Saturday, 30 May 2026

Aim your self-improvement at relationships, not just yourself

It’s easy to turn self-help into a solo sport: more reading, more refining, more private drills on an empty field. But life is not practice. Life is the game. And the point of growth is not to become an endlessly polished individual; it’s to become better at loving, relating, contributing, and showing up when other people are involved. A lot of “working on yourself” is really just a way of delaying the messier, riskier, more meaningful work of human connection. So use self-improvement to get out of the harbor, not to build a prettier boat.

Friday, 29 May 2026

Unpaid Labor

When you add up all the ticking, tokking, and clicking, what’s the return on that investment? Is your vacation more fun when you spend it taking photos for your Instagram followers? Are you feeding Facebook, or is it feeding you? Labor is work that we get paid for. It’s work we wouldn’t do for free. And for most people on social media, it’s unpaid labor on behalf of the platforms.

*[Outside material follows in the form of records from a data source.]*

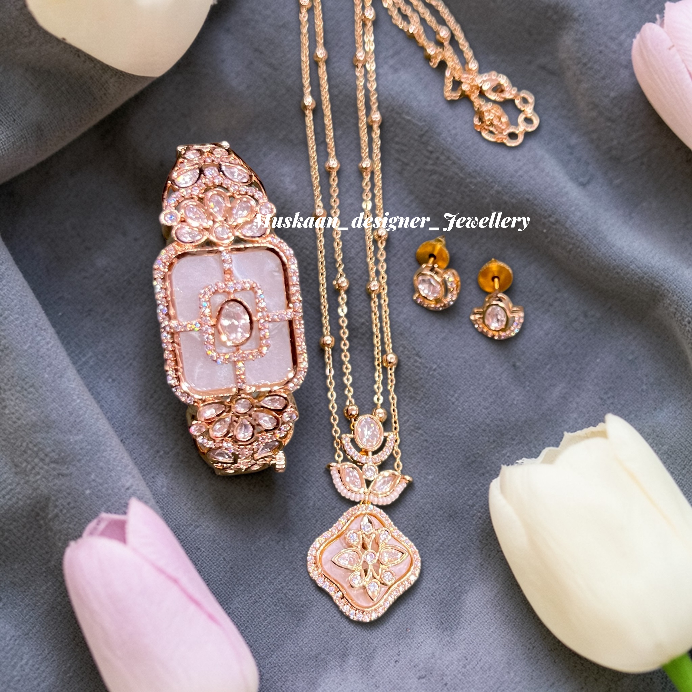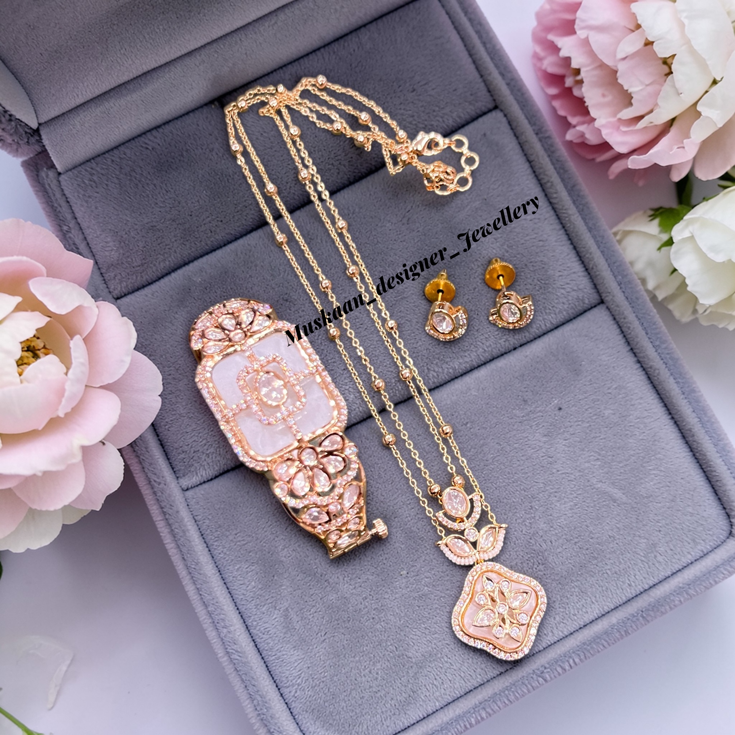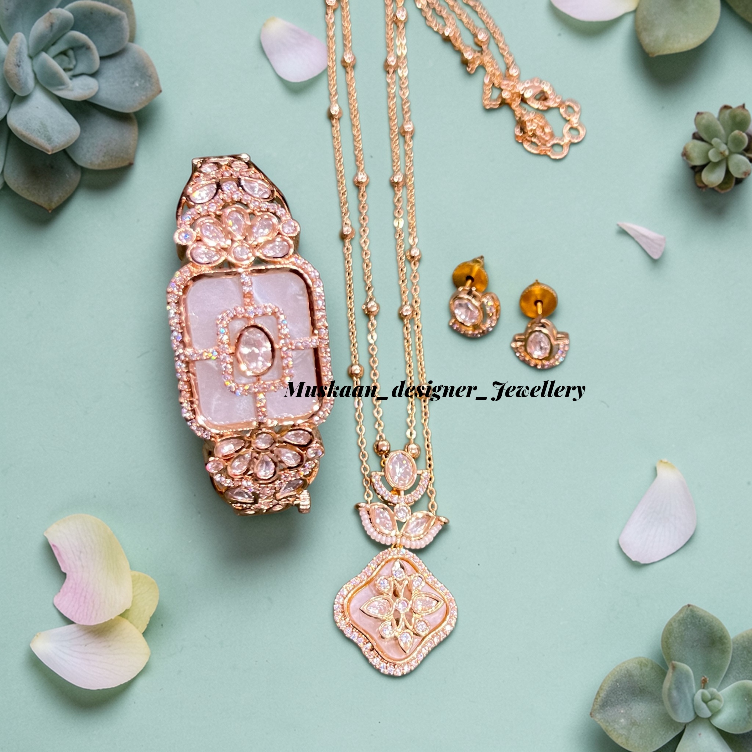 • Pendant Set: Includes a matching designer pendant and a pair of elegant stud earrings.
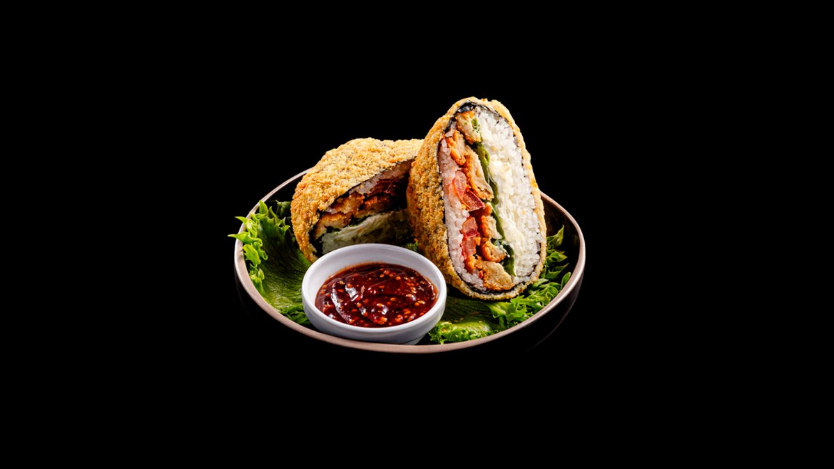 Kraukšķīgā vista, Filadelfijas siers, salāti, tomāti, yakiniku mērce; Alergēni: Kvieši, krēmsiere, olas, soja, zivis, sinepes
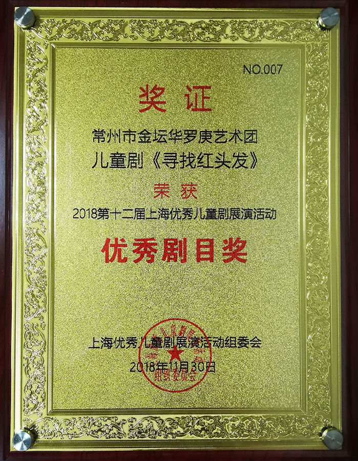 2018年11月30日《寻找红头发》第十二届上海优秀儿童剧展演活动优秀剧目奖。
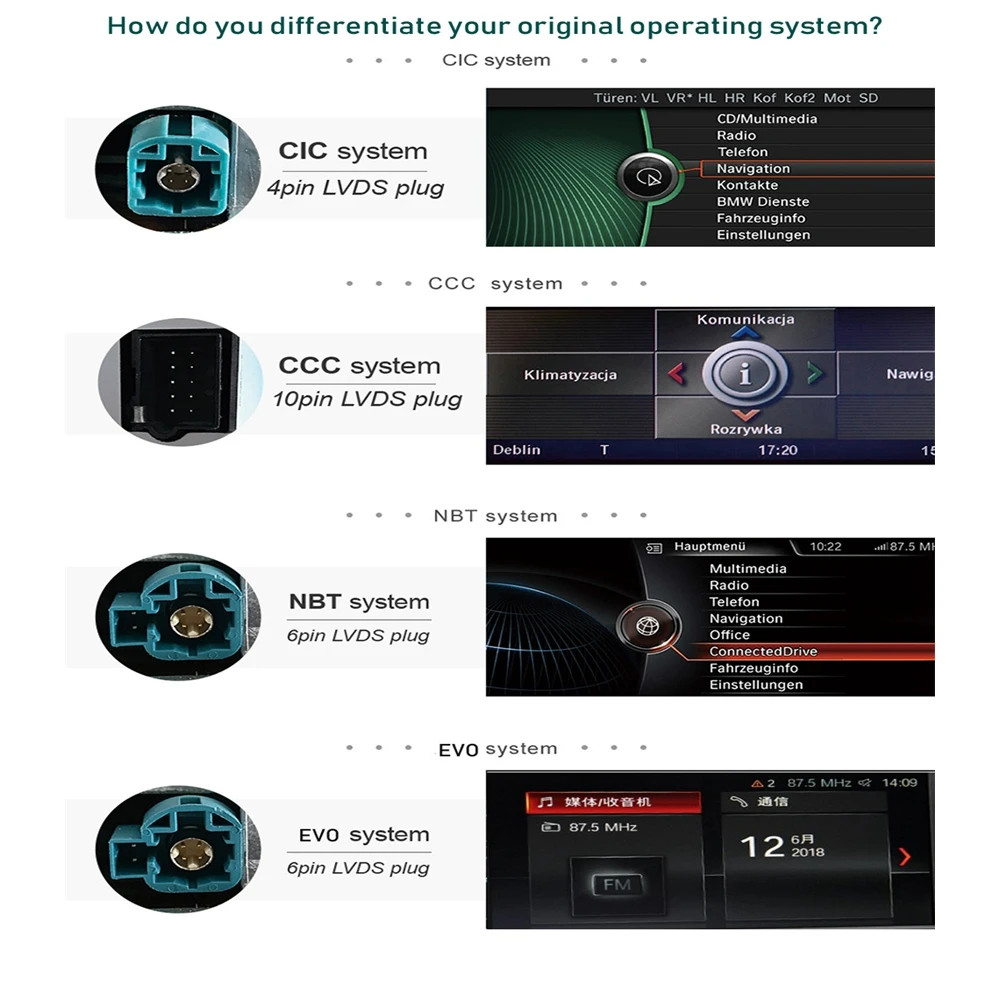 1. Дорогой друг, пожалуйста, убедитесь, что приборная панель такая же, как у нас. 2. Чтобы убедиться, что устройство подходит для вашего автомобиля, пожалуйста, отправьте нам изображение приборной панели и сообщите нам модель автомобиля и год. 3. Оригинальный автомобиль должен быть с AUX 4. Для точного определения, вам лучше отправить нам фотографию LVDS портов за радио (CCC, CIC или NBT)

If it’s paying off for you, keep going! If it’s not, it might be worth reconsidering. The simple test: when you do it more, do things get better?

Thursday, 28 May 2026

Add intentional randomness to one small decision each week

Pick an area where your preferences have become automatic, like what you eat, where you walk, what music you hear, what cafe you visit, or what event you attend, and deliberately choose something outside your usual pattern. The goal is not to outsource your life to randomness, but to interrupt the algorithm of habit long enough to discover something new. Afterward, ask: Did this add energy, perspective, connection, or curiosity? Keep the randomness that expands your life, and drop the randomness that only creates noise.

Wednesday, 27 May 2026

Guarding your time isn't rude

People who get an unusual amount of work done are maniacal about removing things from their lives that others tolerate. Guarding your time isn't rude; it's how you get stuff done. Letting a conversation go on longer than necessary is nice to them, but unkind to yourself. Nice is what people want from you. Kindness is what you owe yourself.

Tuesday, 26 May 2026

Actual Intelligence

Actual Intelligence, the kind we’re born with and can develop if we choose. It’s worth more now than ever before:  The difficult work of making choices. The act of curation. The responsibility of putting your name on it. The judgment to ask the right questions and skip the other ones. The imperative to ship useful work. The pursuit of good taste. The patience to sit with the right problem rather than solving the wrong one. The generosity to create for someone specific. Seeking justice. Offering dignity. Knowing when to stop. Investing in deep empathy, not a shallow substitute. Taking initiative and doing the reading. Being patient, or impatient, depending on what’s needed. Ignoring the noise. Making something that matters. Caring. Alas, it’s rarely taught in school!

Monday, 25 May 2026

The second thing

It’s useful and satisfying to have people go along with your wishes and your taste. But hoping that they’ll be delighted to do so and that you'll thank them for pointing out their previous errors might be asking for too much. It’s one thing for people to act as if you’re right. It’s a whole other thing for them to acknowledge that they are wrong. It might not be worth what it costs to achieve.

Sunday, 24 May 2026

Making mistakes is the privilege

Only while sleeping does one make no mistakes. Making mistakes is the privilege of the active ones who can correct their mistakes and put them right.